- Film poster
- Directed by: Tiffany Hsiung
- Written by: Tiffany Hsiung
- Produced by: Tiffany Hsiung
- Cinematography: Tiffany Hsiung Eugene Weis Jason Lee Wong
- Edited by: Ricardo Acosta Xi Feng
- Music by: Tom Third
- Production company: Golden Nugget Productions
- Release date: September 15, 2020 (TIFF);
- Running time: 29 minutes
- Country: Canada
- Language: English

= Sing Me a Lullaby =

2020 Canadian short documentary film

Sing Me a Lullaby is a Canadian short documentary film, directed by Tiffany Hsiung and released in 2020. The film documents Hsiung's efforts to locate and reconnect with her mother's birth family in Taiwan, following her mother's separation from her parents and adoption in childhood.

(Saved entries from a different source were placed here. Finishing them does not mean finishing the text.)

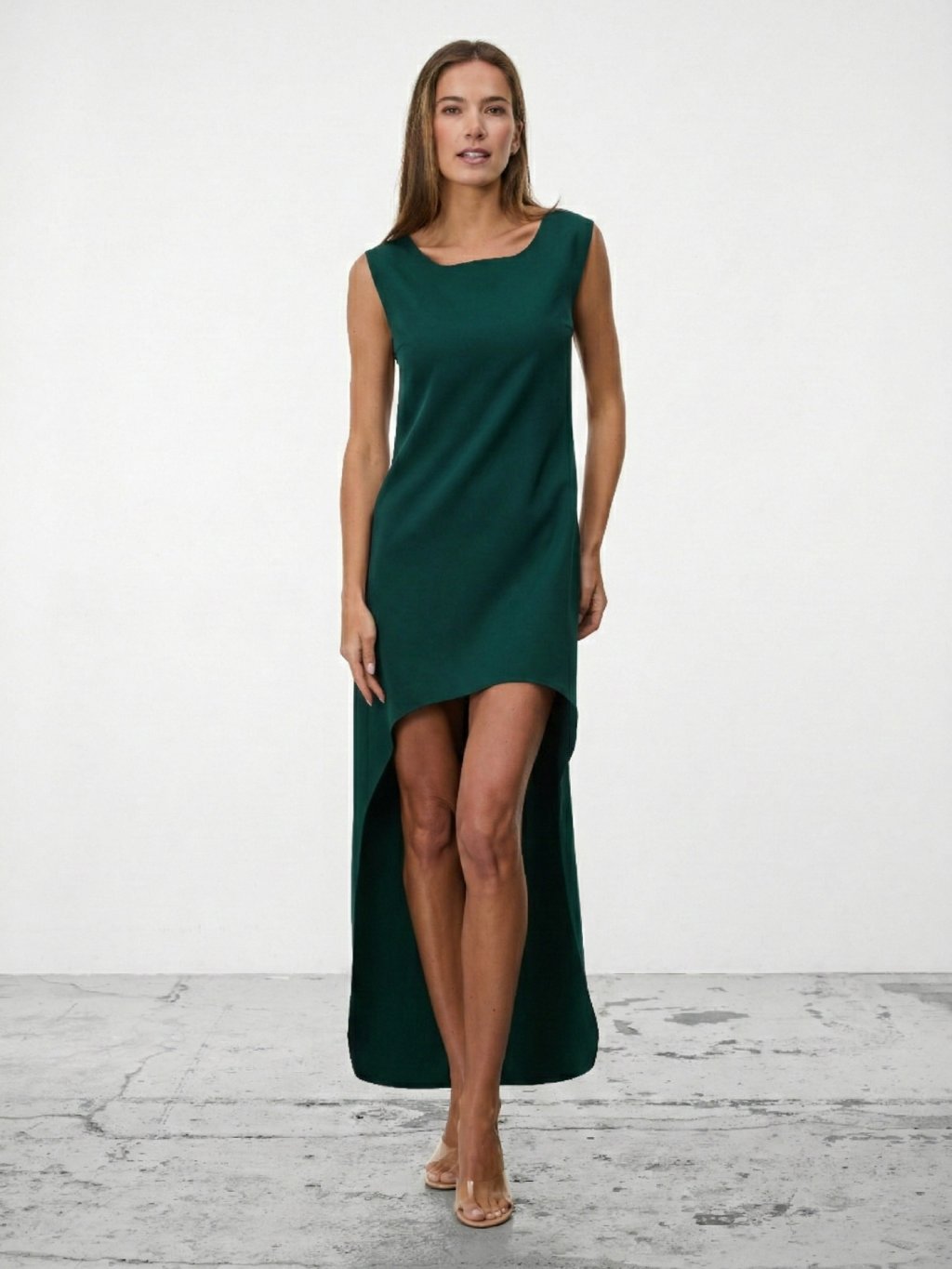 SIMPO lahvově zelené asymetrické šaty Ruby
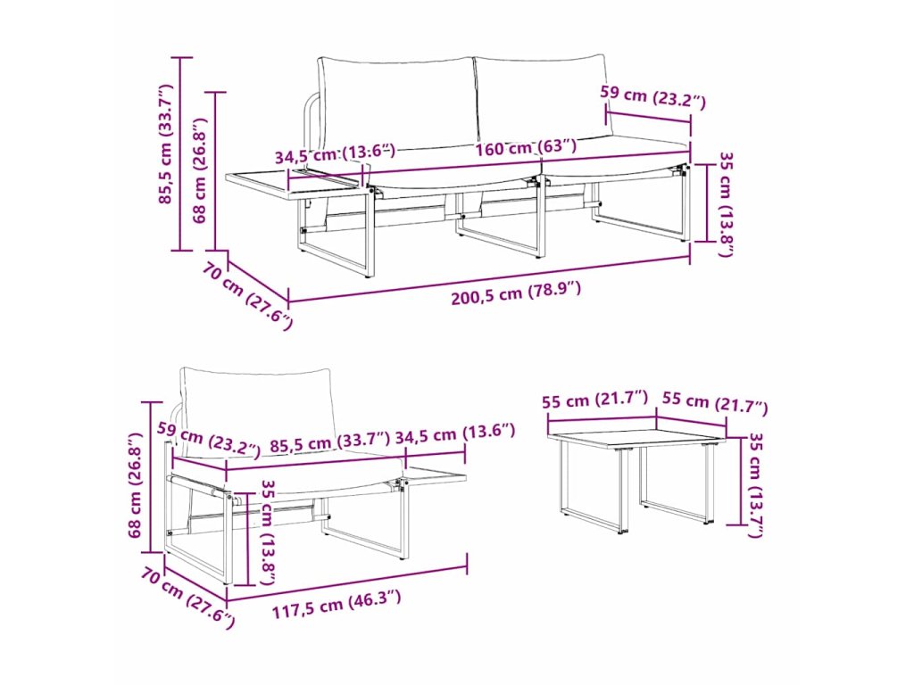 - 1 x Křeslo: 117.5 x 70 x 68 cm (D x Š x V)
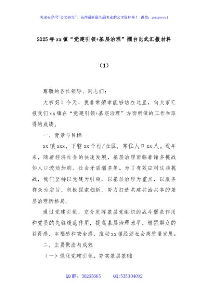 / 2025年xx镇“党建引领+基层治理”擂台比武汇报材料(1)
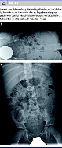 Efter 13 dages prednisolonbehandling blev han genindlagt med mavesmerter og feber. Han var bleg, svedende og perifert kold. Abdomen var opdrevet og uømt med sparsomme tarmlyde, og leveren var palpabel to fingerbredder under kurvaturen. Laboratorieværdier: leukocytkoncentrationen var 38 × 10 9 /l, koncentrationen af C-reaktivt protein var inden for normale værdier, og urinstiksprøver viste normale forhold. En røntgenoversigt over abdomen (OOA) viste svær ventrikelretention, dilaterede tyndtarmsslynger med væskespejl samt store mængder fæces i colon. Ved UL af abdomen blev der påvist ascites og en let forstørret lever. Ventrikelaspirat var ublodigt. Behandling med trestofsantibiotika givet intravenøst og antiobstipationsmedikamina: klysma (docusat og sorbitol) samt macrogol blev initieret. Bloddyrkninger viste intet abnormt.

The film premiered at the 2020 Toronto International Film Festival, where it was named winner of the Share Her Journey award. The film was subsequently also announced as a nominee for Best Short Film at the 2020 Directors Guild of Canada awards.

The film was named to TIFF's year-end Canada's Top Ten list for short films. The film won the Canadian Screen Award for Best Short Documentary at the 9th Canadian Screen Awards in 2021.